INDOZONE.ID - Menjalani peran sebagai mahasiswa sekaligus anak magang, sering bikin kewalahan. Kalau tidak pintar membagi waktu, risiko terkena burnout atau jatuh sakit jadi taruhannya.
Kunci utama untuk bertahan di tengah hiruk-pikuk jadwal ini, adalah manajemen diri yang disiplin.
Kabar baiknya, ada beberapa trik simpel yang bisa kamu terapkan agar produktivitas tetap terjaga tanpa harus mengorbankan waktu istirahat.
Berikut lima tips jitu buat kamu yang ingin sukses kuliah sambil magang tanpa harus kehilangan work life balance.
Baca juga: Dulu Keliling Fakultas Jualan Lumpia, Kini Alumnus UMM Ini Ekspor 12.000 Keripik ke Singapura
5 Tips Kuliah Sambil Magang: Rahasia Tetap Produktif dan Anti-Burnout untuk Mahasiswa
1. Sesuaikan Jadwal Kerja dengan Jadwal Kuliah
Langkah awal yang paling krusial adalah transparansi sejak awal. Saat memasuki tahap interview, jangan ragu untuk bernegosiasi mengenai jam kerja ke HR atau user.
Ceritakan secara jujur kepada mereka mengenai status mu sebagai mahasiswa aktif. Sebagian besar perusahaan sangat menghargai kejujuran calon kandidatnya.
Dengan komunikasi yang terbuka, perusahaan dapat memberikan fleksibilitas jadwa agar kamu tetap hadir di kelas tanpa mengabaikan tanggung jawab kantor.

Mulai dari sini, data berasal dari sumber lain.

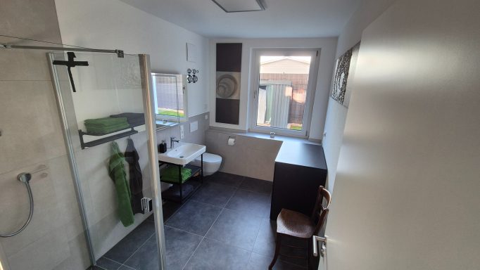 Im modern gestalteten Bad finden Sie eine ebenerdige Dusche, ausreichend Hand- und Duschtücher sowie neben einem Föhn auch eine Waschmaschine zur Benutzung.

2. Menerapkan Skala Prioritas secara Disiplin
Di tengah tumpukan tugas yang datang dari dua arah sekaligus, kamu harus mampu memilah mana yang benar-benar mendesak.
Gunakan matriks prioritas untuk membedakan tugas yang bersifat "penting-mendesak" dan "penting-bisa ditunda". Catat semua tenggat waktu (deadline) dari dosen dan atasan dalam satu kalender yang sama.
Dengan menyelesaikan pekerjaan yang paling penting terlebih dahulu, beban mental mu pun akan berkurang dan bisa bekerja dengan lebih fokus tanpa dihantui rasa cemas.
Baca juga: Kartu Rencana Studi (KRS): Panduan Penting Mahasiswa Menyusun Perjalanan Akademik
3. Mencicil Tugas
Tugas yang menumpuk merupakan faktor pemicu utama stres. Hindari kebiasaan mengerjakan tugas dengan Sistem Kebut Semalam (SKS), karena selain menurunkan kualitas hasil kerjaan, begadang juga akan merusak kesehatan dalam jangka panjang.
Manfaatkan waktu luang sekecil apa pun, seperti saat jam istirahat atau di perjalanan untuk mencicil tugas-tugas.
Konsistensi dalam mencicil tugas seperti itu akan membuat beban kerja terasa lebih ringan dan prouduktivitas mu di kantor tetap berjalan dengan baik.
4. Terapkan Teknik Pomodoro
Apakah kamu sering merasa terdistraksi oleh media sosial saat baru mulai mengerjakan tugas? Teknik Pomodoro bisa menjadi solusinya.
Metode manajemen waktu yang ditemukan oleh Francesco Cirillo ini memanfaatkan interval waktu untuk menjaga fokus otak tetap tajam.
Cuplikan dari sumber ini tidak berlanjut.